I'll like to know if my bardic inspiration nerf (in scope and flexibility, not mere power) is balanced by the non magical nature of the "spells". Anti-magic is situational, so it may be hard to balance. I nerfed healing, using Hit Point Dice as an additional resource.

There is always a trick
Philosophical knowledge is not countered with a dispell magic spell, an anti-magic sphere and other featured limiting magic. The focus also becomes superfluous. However, healing now draws from the life dice of the recipients. Any healing spell requires a Hit Dice from the recipient in addition to a spell slot. For the other spells, a "scientific" explanation can be provided, see the appendix.





Philosophical advice (instead of bardic inspiration )
You have an amazing general education, from academic source, and you never forget lecturing others. To do this, use a bonus action on your turn to assess a fight, a problem to be solved or an imminent danger. Then choose a creature other than yourself within 60' of you who can hear you. This creature is granted a Philosopher's Council die (d6), which applies to a given situation, This creature can keep the die roll and add the number obtained to an ability check, attack or save roll it just made as long as the advice is still applicable. Once the Philosopher's advice die is rolled, it is consumed. A creature can only have one Philosopher advice die at a time. For example, the advice may relate to an orc who has a weakness noticed by the philosopher in the previous round; on an increased method to better climb a mountain or to resist a possible poisoned dart.

You can use this ability a number of times equal to your intelligence modifier (minimum 1). You regain your Philosopher advice dice after completing a long rest. Your Philosopher advice die changes when you reach certain levels in this class. The die goes to a d8 at level 5, a d10 at level 10, and a d12 at level 15.

Your opinion ?

Lvl 2 Expert
2020-05-13, 09:08 AM
I'll like to know if my bardic inspiration nerf (in scope and flexibility, not mere power) is balanced by the non magical nature of the "spells"

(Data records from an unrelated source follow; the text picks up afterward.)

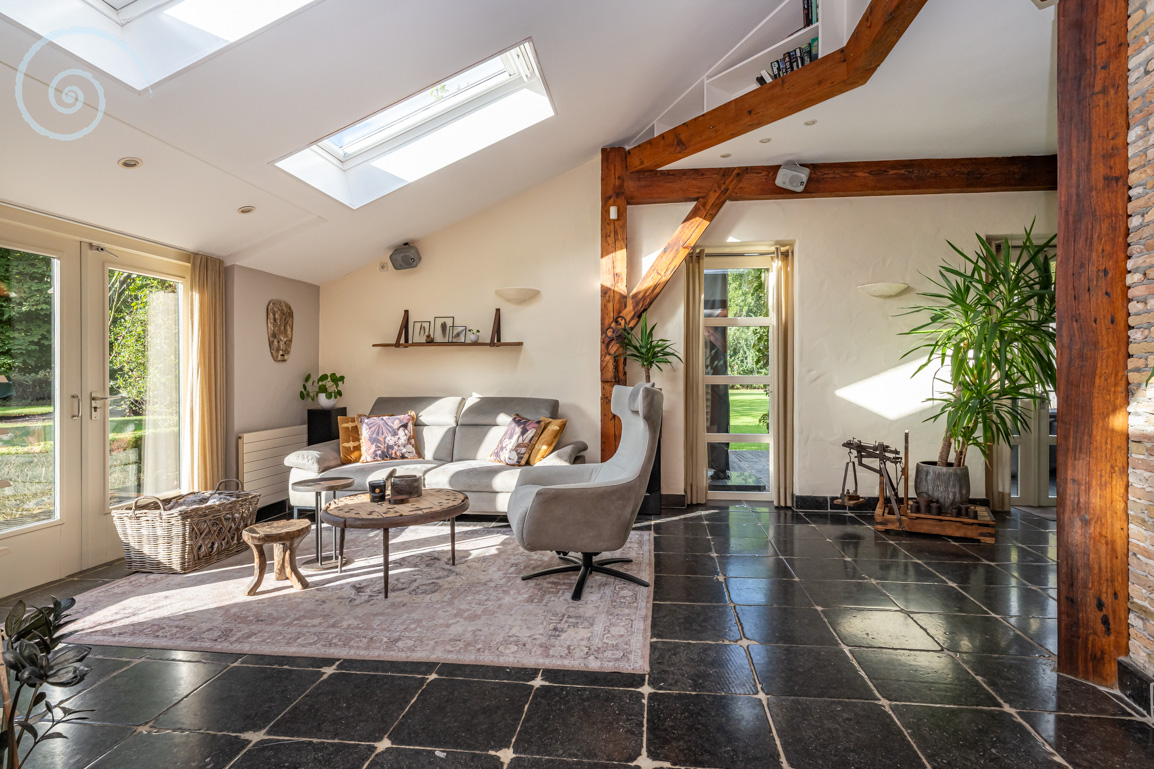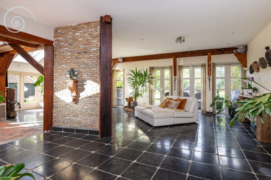 De woonkamer bereikt u via dubbele deuren vanuit de hal. Hier vindt u een royale zithoek met tuindeuren naar de tuin en een imposante schouw met houtkachel. De vloer is uitgevoerd in Belgisch hardsteen en de balken zijn gemaakt van kapok stuthout uit de VOC-tijd, wat de ruimte een unieke uitstraling geeft.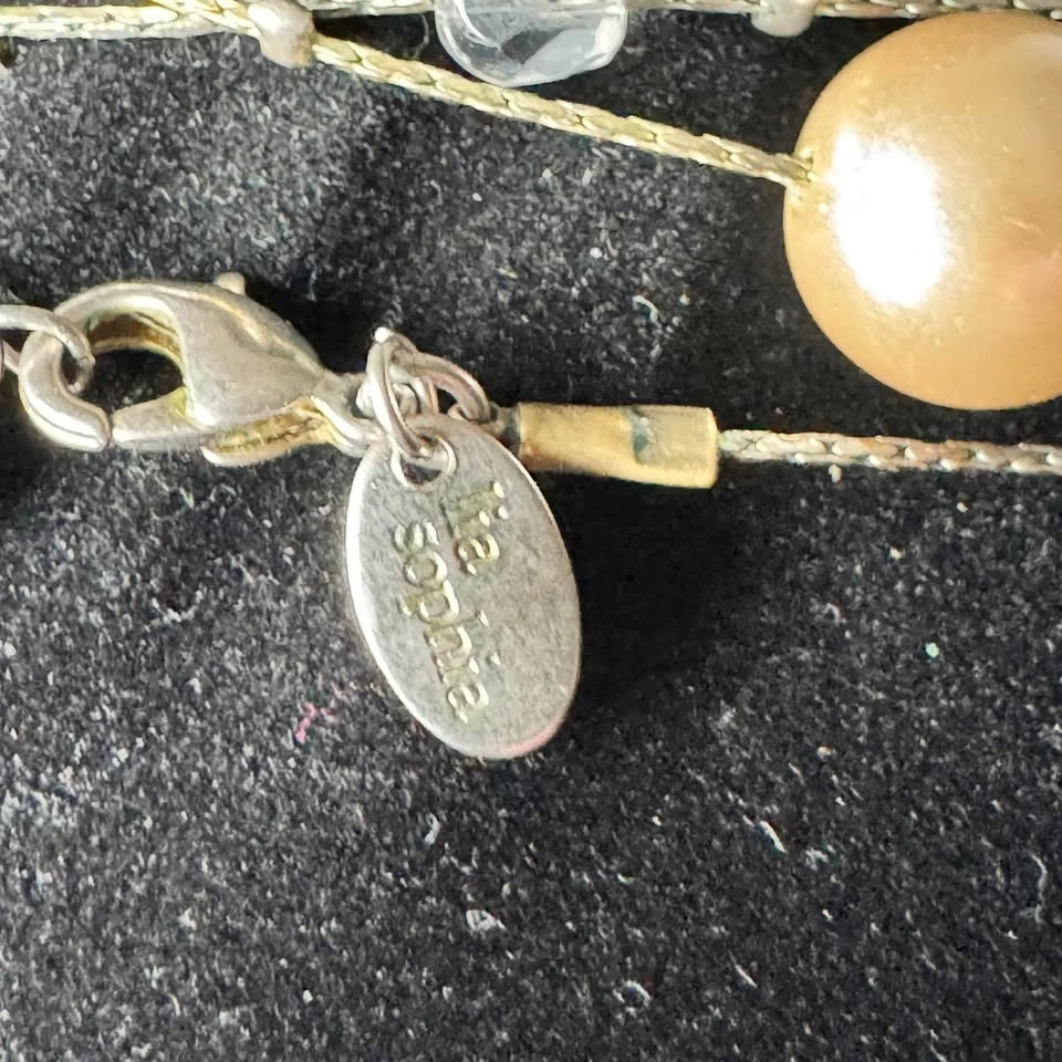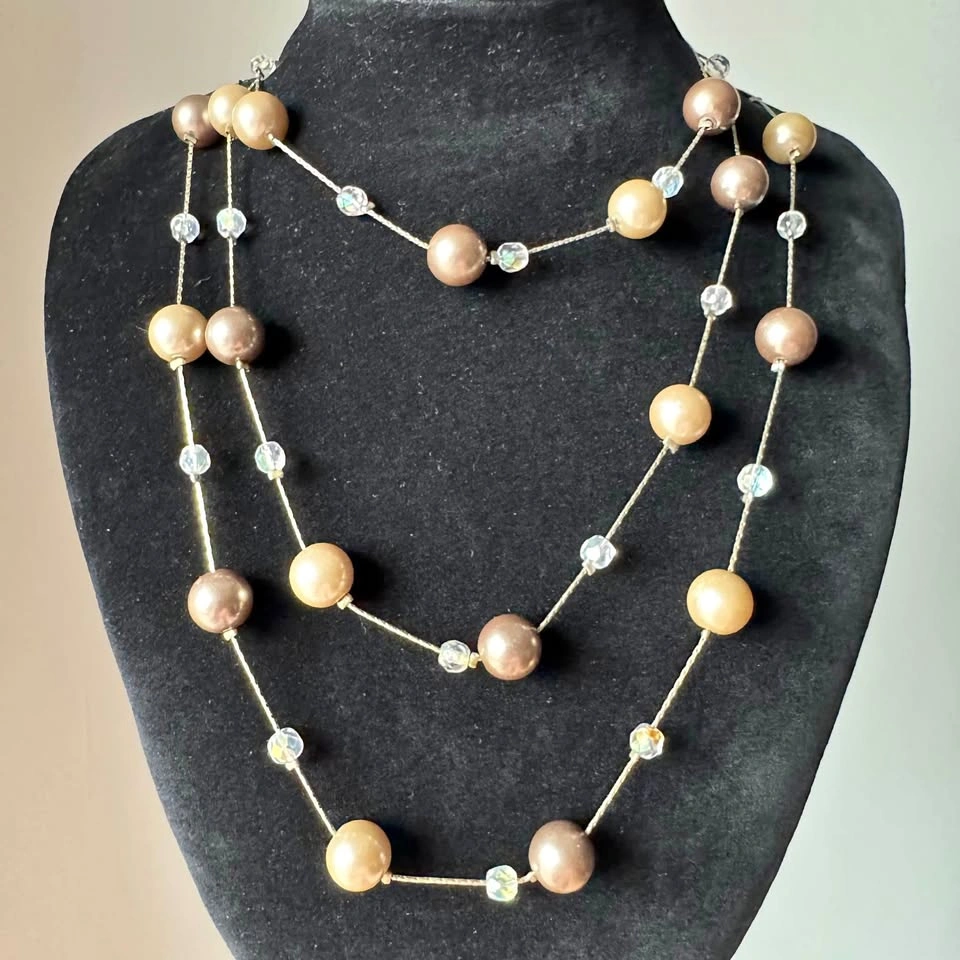 This exquisite Lia Sophia necklace showcases a sophisticated blend of gold, beige and brown hues. Long station necklace with clasp that can be worn long or doubled or tripled around the neck. Looks beautiful when worn layered. Lovely neutral tones that will elevate any outfit without overwhelming your ensemble—simple yet classy! The necklace is adorned with spherical glass pearls and contrasting smaller faceted iridescent spacer beads, creating a harmonious and elegant design. Length (end-to-end): 54”-57.5” Lovely vintage condition. Please see photos and let me know if you have any questions!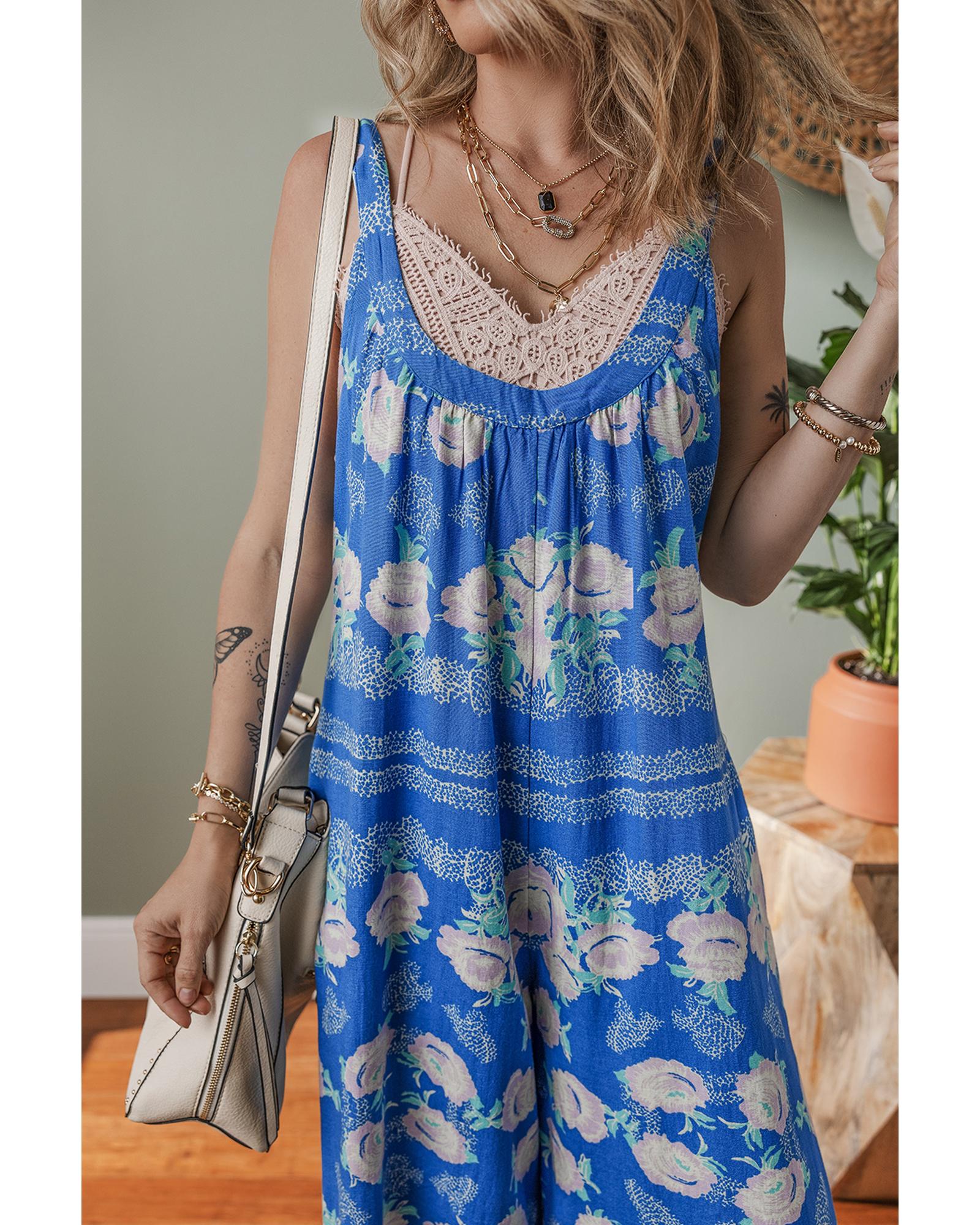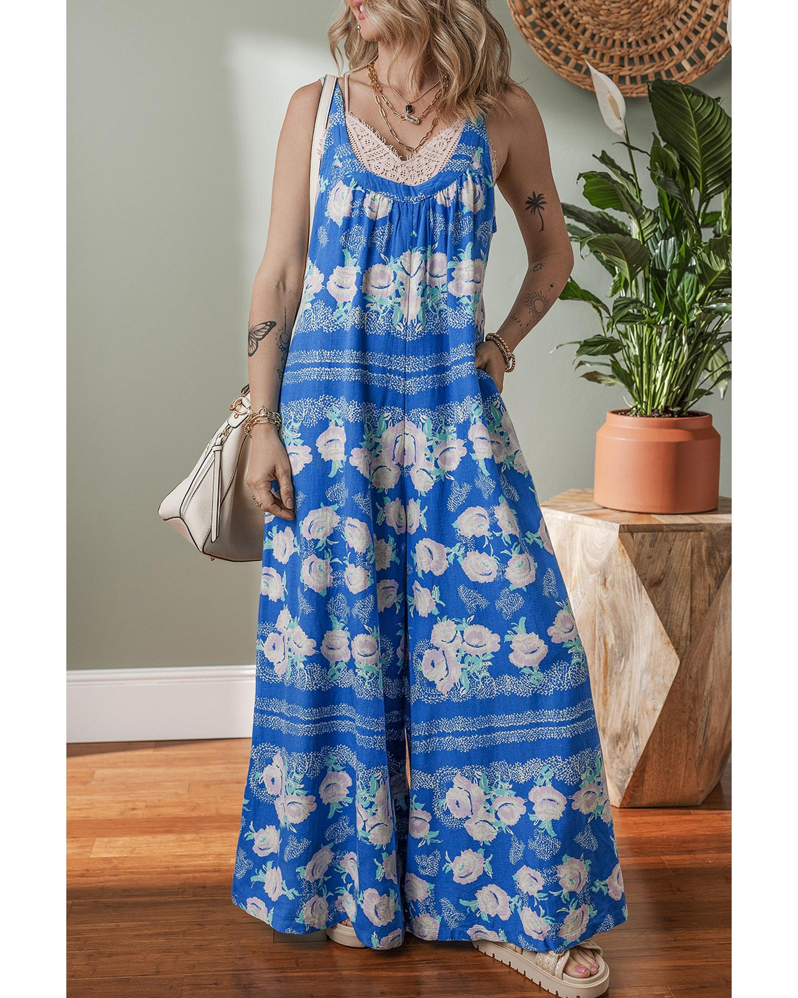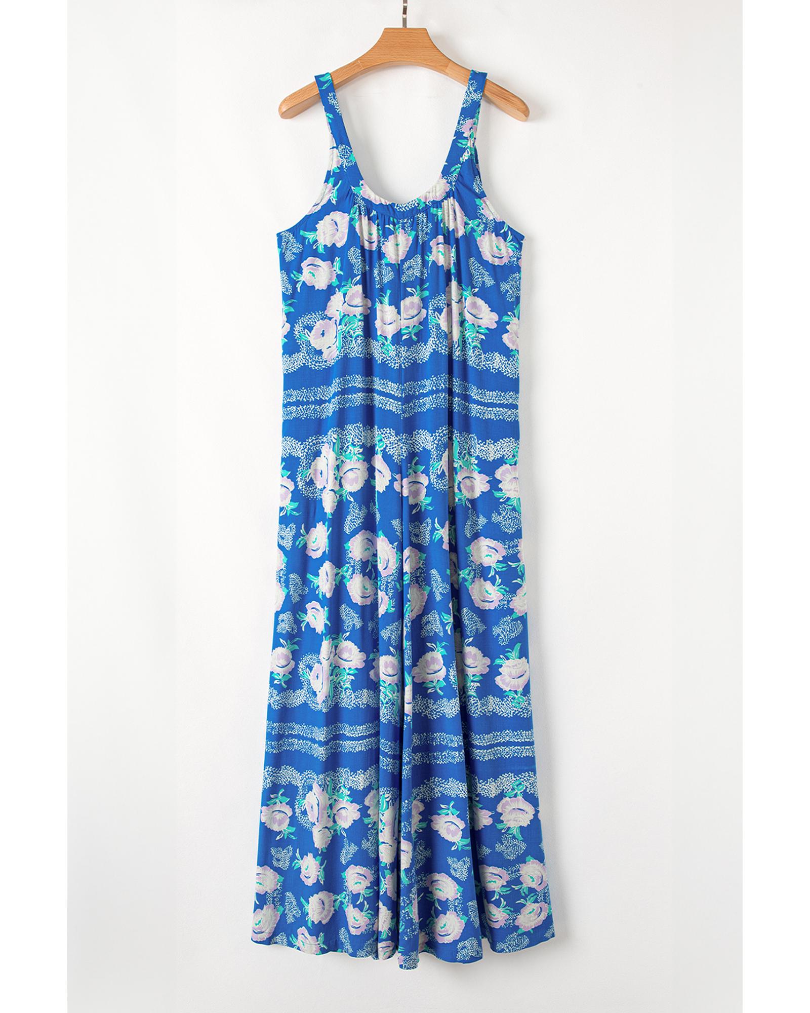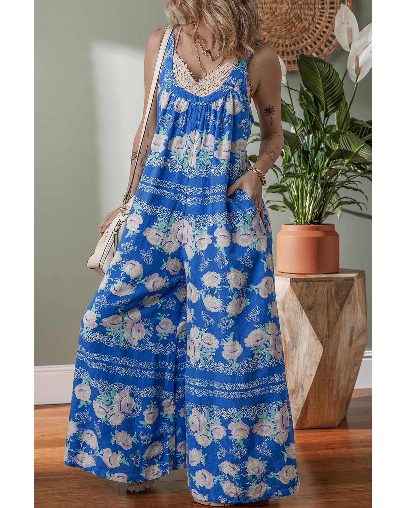 - Blue Floral Print Wide Leg Sleeveless Jumpsuit

I think you're skipping over the important part of the modifications here. You're taking a full spellcaster, and making it nonmagical by keeping all the spells exactly the same, except they count as non-magical now? So fluff-wise feather fall is now you yelling at your falling ally to flap their arms, but mechanically it functions exactly as before except it can't be counterspelled? And polymorph is you thinking about a tyrannosaurus really hard and channeling its rage so you can suddenly perform a bite attack to a person standing on a roof?

I'm kind of lost on how that's more realistic than saying this is a magical world so magic exists. But sure, fine. My question is: is this actually what you're doing, or are you modifying spell casting in some other way you didn't explain?

JNAProductions
2020-05-13, 09:13 AM
You basically changed nothing, other than making them Int-based and making their magic completely non-magical.

That's... That's pretty much a straight upgrade. Charisma is arguably better than Intelligence, but immunity to Dispel Magic, Counterspell, Antimagic Field, and dead magic areas more than makes up for it. Especially since that would, with your last Magical Secrets, allow you to cast Antimagic Field and render yourself IMMUNE to all enemy magic, while still using your full allotment of spells.

I guess the Healing thing is a minor nerf, but considering healing is generally used for pop-up, not full heals, it's not very impactful.

mictrepanier
2020-05-13, 10:21 AM
I'm kind of lost on how that's more realistic than saying this is a magical world so magic exists. But sure, fine. My question is: is this actually what you're doing, or are you modifying spell casting in some other way you didn't explain?

D&D is not realistic. Crossbow expert, as an example, enable reloading crossbows really fast. Just say you have an invisible servant, a loading device, etc. The change is cosmetical, so far you can (remotely) get an explanation.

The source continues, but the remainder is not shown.